Another study using the FarmDESIGN model of eight farms with varying levels of diversity and market orientation in the province had revealed negative nitrogen (N) and phosphorus (P) balances, clearly showing N and P mining in all eight farms. A similar study in Ratanakiri province in Cambodia showed similar results, suggesting that neither the farm’s plant and animal diversity, nor its degree of market orientation, influences the farm soil’s nutrient levels.

Variations on this method

Linking to IMPACT

Alliance scientists in collaboration with scientists from the Farming Systems Ecology group of Wageningen University & Research have developed a conceptual approach and a method which connects global to a farm level analysis. It integrates two simulation models – an economic global model, the IMPACT model, with FarmDESIGN. The integrated IMPACT – FarmDESIGN method can be applied to assess synergies and trade-offs between crop diversity conservation, nutrition, environmental protection and human nutrition considering possible future scenarios in the variety of sites and large-scale scenarios. The integrated IMPACT – FarmDESIGN method improves understanding of the motivation of farmers to practice mono-cropped systems versus biodiverse systems and design adequate policies. Our results can be also useful for farmers to help design their farms in a way that would better meet their complex needs.

Expanding FarmDESIGN

Researchers have improved FarmDESIGN by including two new entity types: ‘Household’ and ‘Household member’, and three new modules: ‘Household budget’, ‘Household labor’, and ‘Household nutrition’.

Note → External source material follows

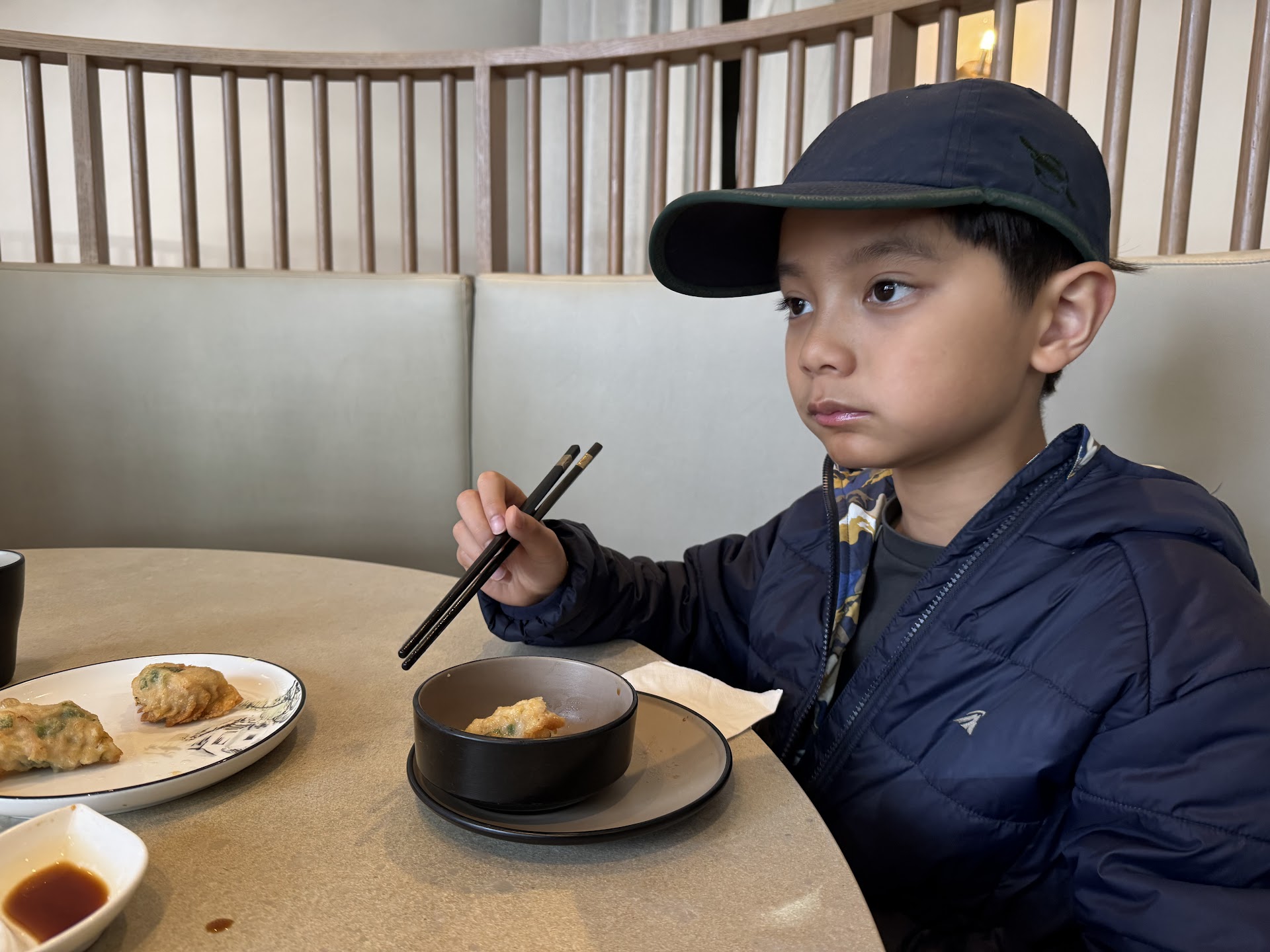 We asked them for a table and told us to wait. Like, who asks hungry guests to wait for so long? Anyway, as they were cleaning away, we had to stand for 10 minutes straight. As we were waiting, we checked the menu and I was looking for my usual meal, pork & chive dumplings and chicken dumplings. But as I scoured the menu looking for it, the closest they had to my preferences were western-knock-offed deep-fried prawn dumplings. I mean, I went to a Yum Cha in Wellington and their menu was so much better, only proving how bad it was compared to the other one.

The new modules expand the scope of FarmDESIGN to conduct multi-objective optimization from the perspective of the farm household, rather than just the farm enterprise. The new ‘Household budget’ module includes economic indicators for off-farm activities and the value of consumable food, in addition to the total value of on-farm production, to calculate the new economic indicator ‘household free budget’. The new ‘Household labor’ module accounts for off-farm work and hired labor, in addition to on-farm work conducted by the farm family, to calculate the new social indicator ‘leisure time’. In the new ‘Household nutrition’ module several indicators related to dietary diversity, nutrient adequacy, and dietary patterns were included to assess the diet quality of the household; the nutrition indicator ‘dietary energy deviation’ is one of them.